Hurricane Irma is tracking towards the northern Leeward Islands of the Caribbean, where catastrophic impacts are possible and lives at risk. Following that Irma will track towards southern Florida, where it is forecast to make a turn towards the north and come ashore, with experts suggesting it will still be a very major storm at that stage.
While recent hurricane Harvey is not expected to be the catastrophe event that could turn reinsurance industry pricing, hurricane Irma looks like its worst case scenario (based on the latest forecasts) could at least put a much firmer floor in place.
Harvey has largely been an event for the insurers, with reinsurers expected to pick up a share, but less significant than other hurricane events due to the water driven nature of most of the losses.
Hurricane Irma’s potential impact could actually increase the losses for the industry from Harvey, KBW’s analysts suggest, explaining that a second hurricane impact in such quick succession could drive up the cost of repairs and materials, causing inflation to Harvey claims.
But more of concern is the direct Florida landfall from a major hurricane Irma, which would; “Probably impact the reinsurers more than would landfall in any other state,” KBW’s analysts explain.

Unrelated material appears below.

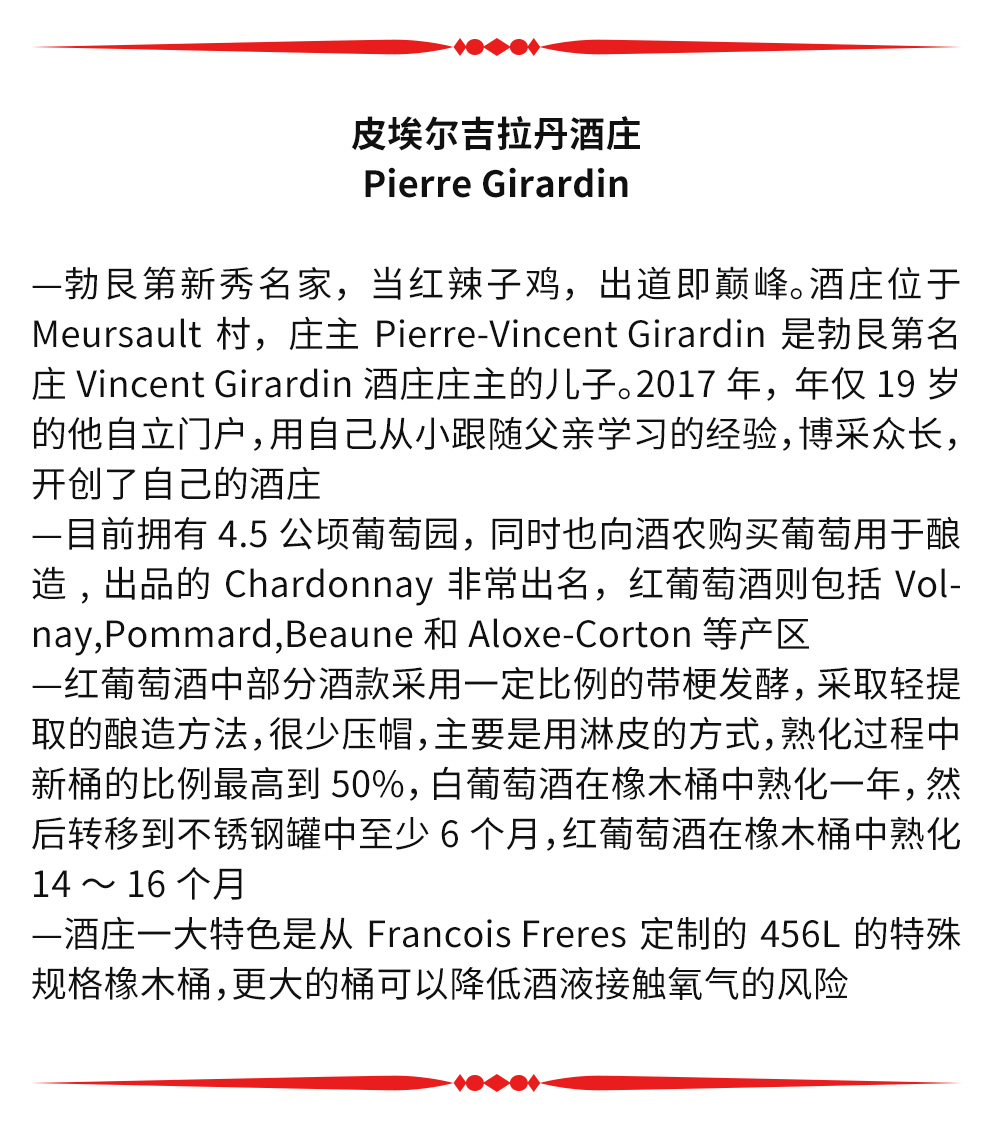 天才酿酒师皮埃尔·吉拉丹虽然年轻,但近些年他做的葡萄酒已经博得了许多关注勃艮第葡萄酒爱好者的眼球。相比于他父亲文森特·吉拉丹( Vincent Girardin),似乎他做出的酒更有创造力,有独特的酿酒风格。不同于有些老派的酿酒师会保持每年的酒风格一致,皮埃尔·吉拉丹酿造的葡萄酒常常留给大家更多的变化和期待。

As a result the analysts expect that reinsurers, such as the Bermudian companies, will underperform the broader markets this week due to Irma uncertainty. In fact the Dow Jones reinsurance index fell near 2% in trading early today and has yet to recover, while the share prices of the major European reinsurers have also declined today, which is likely due to the Irma threat.
But really showing how the markets view the threat from hurricane Irma, Floridian primary insurers stock prices dropped as much as 15% today, as nervous investors took in the latest forecasts.
Florida’s homeowners insurers are major buyers of reinsurance, meaning they also have a lot of collateralized reinsurance, ILS and catastrophe bond covers in force, and also have lower retention rates than the U.S. nationwide insurers, which KBW says means; “Their reinsurance partners should incur the lion’s share of hurricane losses.”
KBW says that investors may start to “bake in higher catastrophe loss provisions now that the decade-plus streak of no major hurricanes has ended,” which will pressure valuations and also further pressure reinsurers facing soft market challenges.
That’s becoming evident in the share price movements seen in the Floridian primary insurers today and is something we should watch out for in Bermudian and other reinsurance firms over the coming days (Renaissance Re and Everest Re are both down 4.5% so far today).
Reinsurers have seen their catastrophe budgets eroded somewhat by Harvey and now hurricane Irma threatens to potentially wipe them out entirely, which could see many reinsurance firms tipping into negative return territory for 2017.
It should also be remembered that it is only early September and there are nearly three months of the 2017 U.S. hurricane season still to run, which given the activity seen it is possible we will see further storm threats in the weeks to come.
We’re already hearing reports of live cat ILW trading activity on hurricane Irma, at least quoting if not buying at this stage and we understand some secondary cat bond positions are starting to see interest as well.
But, it remains early for forecasts of loss and hurricane Irma could shift its path or weaken still, however the longer it goes without such a shift or weakening pattern the more potential there is that the reinsurance and ILS sector will take a hit.